I think I am like you. Although I would not necessarily call it splitting hairs but rather concern with precision, I would agree that such a distinction would not get much traction in the overall argument. That is, “fertilization” vs. “conception” = dealer’s choice as it isn’t going to trump either way as you move on in the debate.

Word accuracy is important, but it’s also good to know your word history–as definitions and meanings change–and how that change fits with the rest of history.

Conception and fertilization used to mean the same thing. The formal change in the definition by the American College of Obstetrics and Gynecology came in 1965–a time when abortion was against the law in most of the US. Without that, abortion laws might have covered hormonal contraception. (Contraception was also against the law in some states until Griswold v Connecticut–also in 1965)

[FONT=Arial][size=2]In 1965, the American College of Obstetrics and Gynecology redefined conception[/size], saying, “Conception is the implantation of a fertilized ovum.” Previously, however, conception was universally defined in the scientific community as the fertilization of an ovum. The consequent redefinition of contraception has allowed the morning after pill to be labeled an “emergency contraceptive,” despite its potential to eliminate a fertilized ovum, a human being in its earliest stages of development.

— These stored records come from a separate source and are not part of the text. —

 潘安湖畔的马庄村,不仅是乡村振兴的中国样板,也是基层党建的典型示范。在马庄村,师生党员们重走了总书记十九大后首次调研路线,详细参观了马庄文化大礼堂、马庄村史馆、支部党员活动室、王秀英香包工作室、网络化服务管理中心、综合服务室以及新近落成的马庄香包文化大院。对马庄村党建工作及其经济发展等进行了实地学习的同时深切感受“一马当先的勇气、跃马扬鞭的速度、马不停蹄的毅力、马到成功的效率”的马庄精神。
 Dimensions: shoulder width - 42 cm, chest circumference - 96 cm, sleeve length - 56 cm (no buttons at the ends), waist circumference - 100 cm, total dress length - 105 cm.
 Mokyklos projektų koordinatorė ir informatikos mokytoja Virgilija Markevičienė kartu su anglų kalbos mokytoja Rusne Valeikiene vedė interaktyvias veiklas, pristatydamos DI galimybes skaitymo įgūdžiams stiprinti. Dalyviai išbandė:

Ironic, isn’t it, that due to a redefinition of a word now fertilization occurs before conception. In my high school textbook fertilization=conception. If conception were further redefined to equal birth+one month, it would really benefit those who don’t like what pops out of the birth canal. There would probably be a market for “preconception” organs. It would stimulate the economy. What other words could profitably be redefined?

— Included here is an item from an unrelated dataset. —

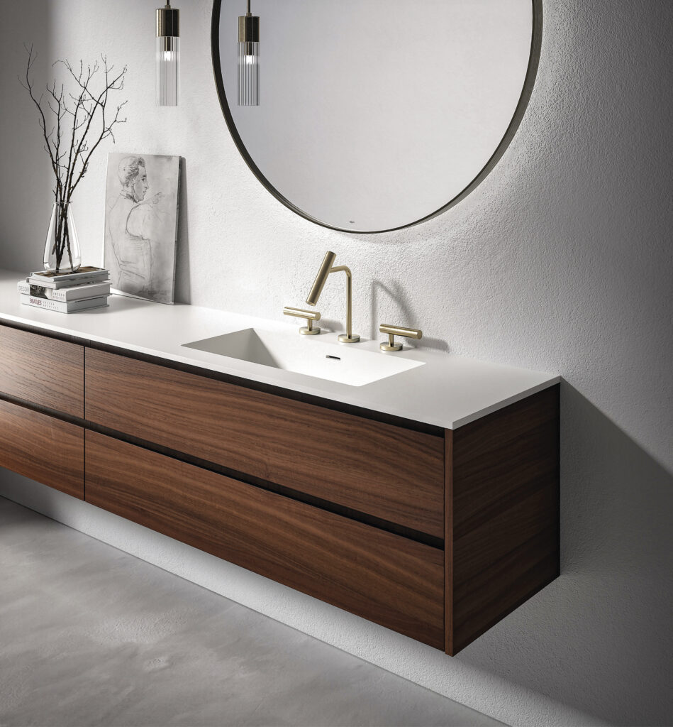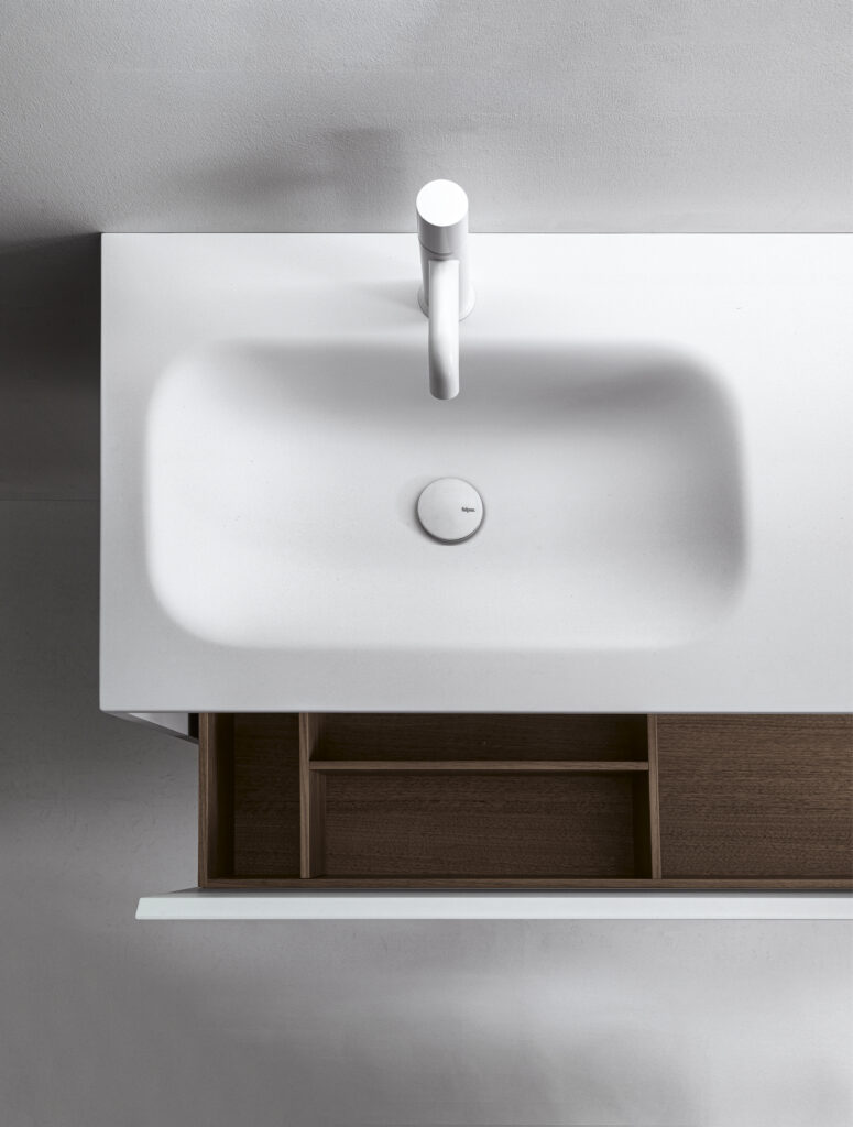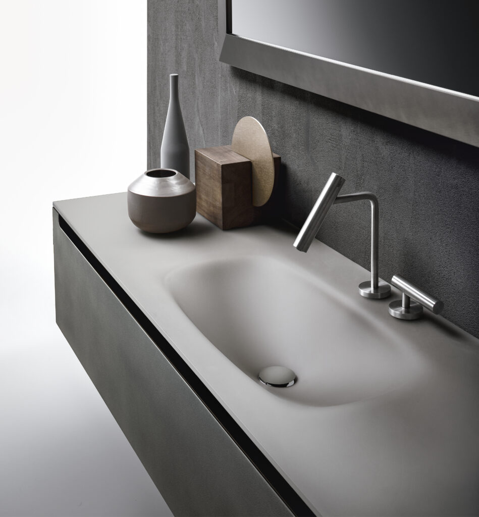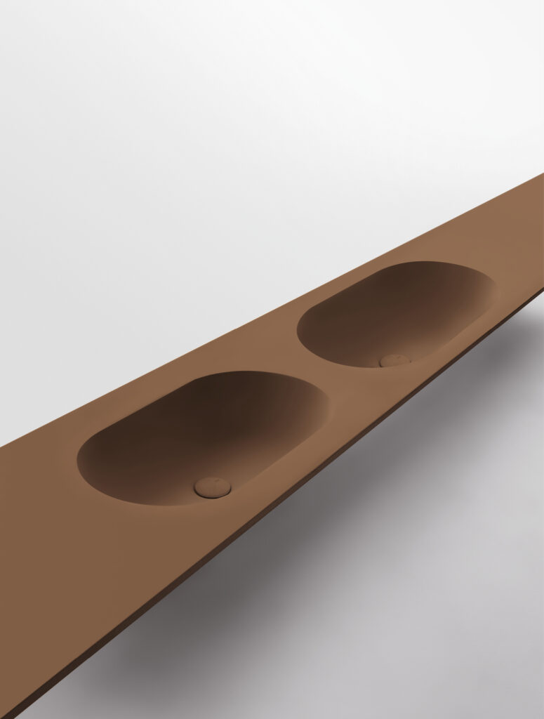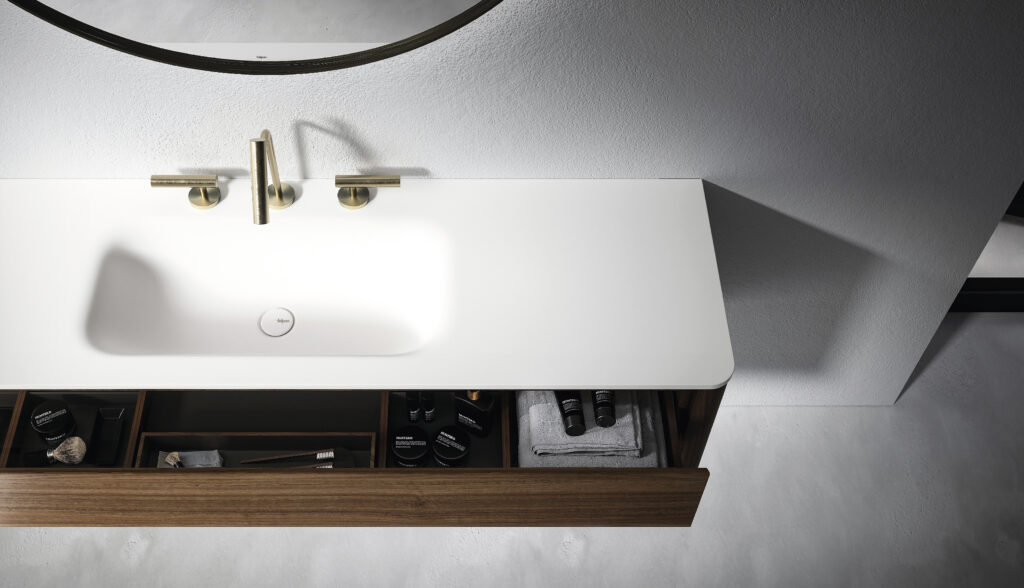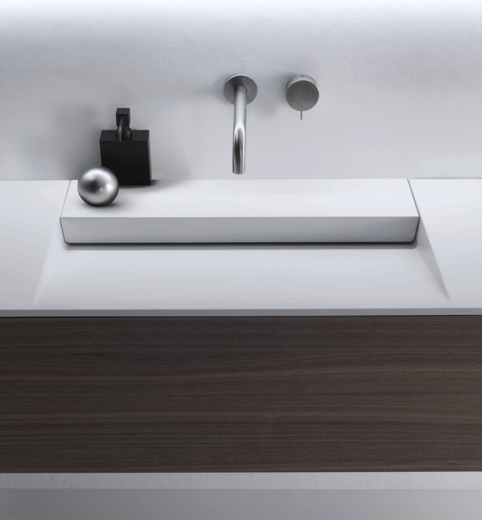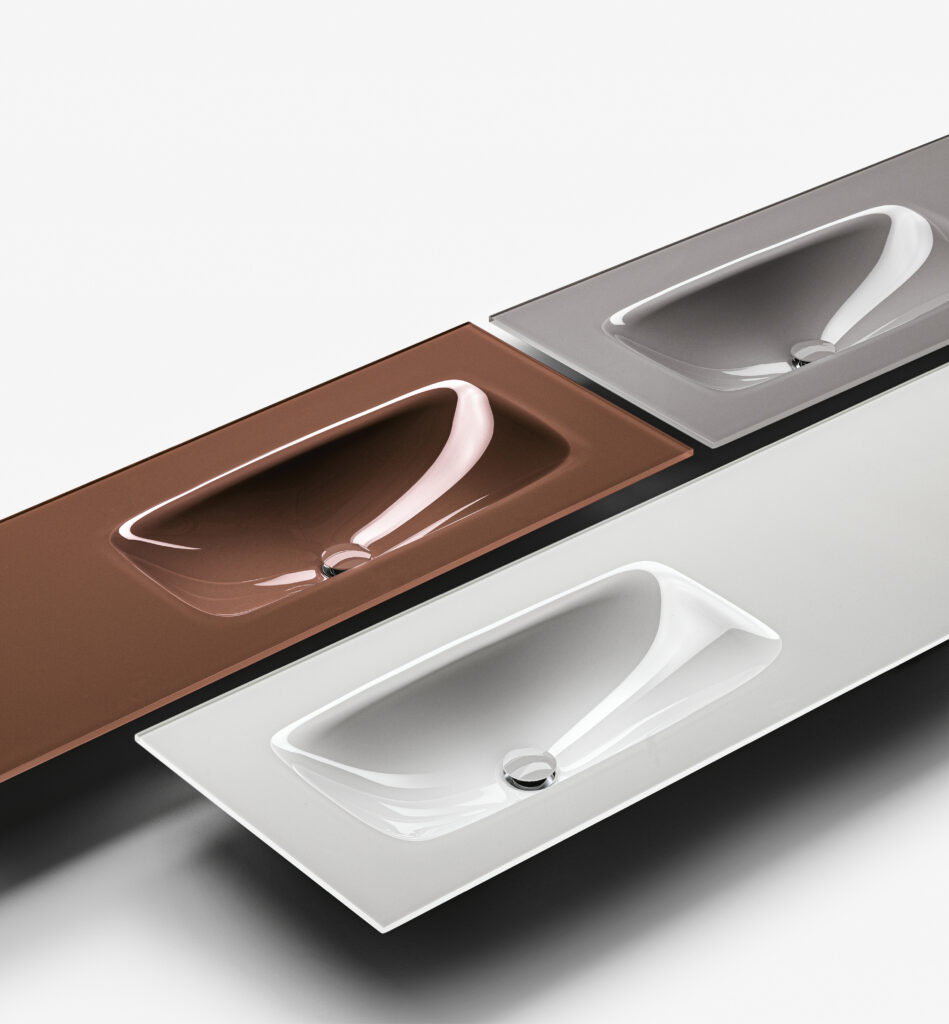 Our integrated countertops are made of glossy or satin lacquered glass, Ceramilux, and Cristalplant Bio Active with plant-based resins, and can be produced in endless sizes and configurations — either countertop-mounted or directly wall-mounted.

Fertilization and Implantation are two specific terms for two different events. The term Conception is a general term. For Catholics Conception = Feritlization. Which I belive you also noted is the scientific definition.

Conception is the beginning of a new human life; this occurs at fertilization. From a medical standpoint, the individual has unique dna at fertilization. Whereas, at implantation, nothing occurs to change the individual per se. It is merely a change in location. The claim that conception begins at implantation is disingenuous.

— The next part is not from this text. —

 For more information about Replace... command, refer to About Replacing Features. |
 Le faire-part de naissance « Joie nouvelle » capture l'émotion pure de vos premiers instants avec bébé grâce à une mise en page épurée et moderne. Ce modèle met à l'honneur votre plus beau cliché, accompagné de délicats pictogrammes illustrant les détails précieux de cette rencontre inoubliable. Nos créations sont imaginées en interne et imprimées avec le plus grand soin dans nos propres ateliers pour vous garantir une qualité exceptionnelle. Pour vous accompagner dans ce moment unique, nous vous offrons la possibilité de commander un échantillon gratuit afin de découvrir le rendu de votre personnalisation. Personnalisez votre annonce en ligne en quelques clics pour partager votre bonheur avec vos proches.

No, science and medicine make that distinction because between 25% and 40% of all fertilized ovum fail to implant for whatever reason. This is why medicine defines pregnaency as beginning at implatation.

Which is also why the Church’s position that “life begins at conception”, if one equates fertilization with conception, doesn’t take proper account of science.

Implantation is the primary biological hurdle that the fertilized egg must surmount on its way to becoming a human being, although another 20% to 25% of implanted ovum (pregnancies) spontaneously miscarry for no discernible reason, often without the woman ever knowing she was pregnant.

You cross a line when you speak about “hurdles” that must be surmounted “on the way to becoming a human being.” All the DNA genetic material for a separate, unique human joins together when the father’s sperm joins the mother’s egg–aka fertilization.

If a fertilized human egg fails to implant for whatever reason, the fertilized egg was still a unique human with a father and mother. Early and untimely death does not change that. Many die at the fertilized egg or zygote stage, rather than advancing to other stages of human development such as the embryonic stage, the fetal, neo-natal, infant, toddler, adolescent, etc. etc.

People die at all stages of human development, but we should not define a human being based on age and location at the time of death. If a human dies before implanting that doesn’t mean he or she was not a human being–unless someone messes around with the definition of “human being”.